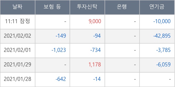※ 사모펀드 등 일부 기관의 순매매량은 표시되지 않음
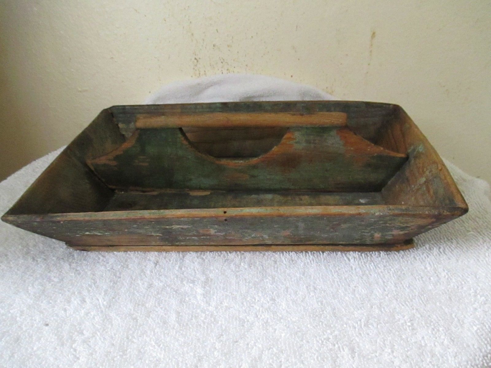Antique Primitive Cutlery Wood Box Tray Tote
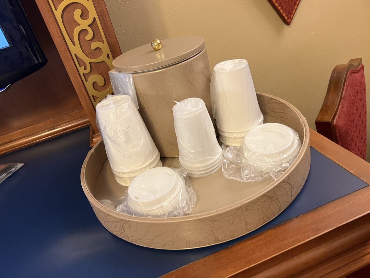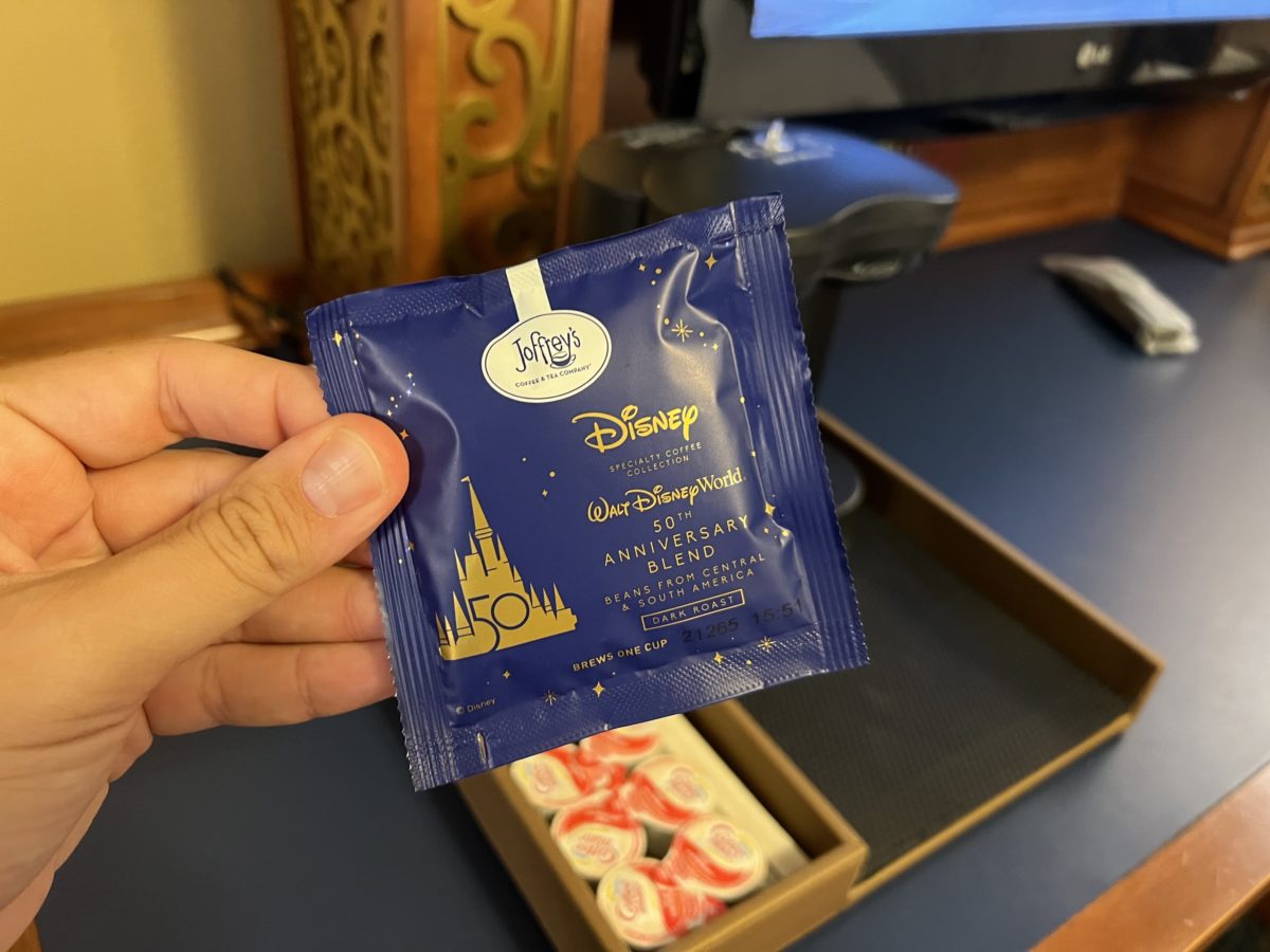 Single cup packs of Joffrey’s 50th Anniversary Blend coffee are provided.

== ABOUT THIS TASK ==
Which lines fall between the one containing "Antique Primitive Cutlery Wood Box Tray Tote" and the last line of the listing, both included? Give them again exactly, without the pictures.

== OUTPUT ==
Antique Primitive Cutlery Wood Box Tray Tote
 Single cup packs of Joffrey’s 50th Anniversary Blend coffee are provided.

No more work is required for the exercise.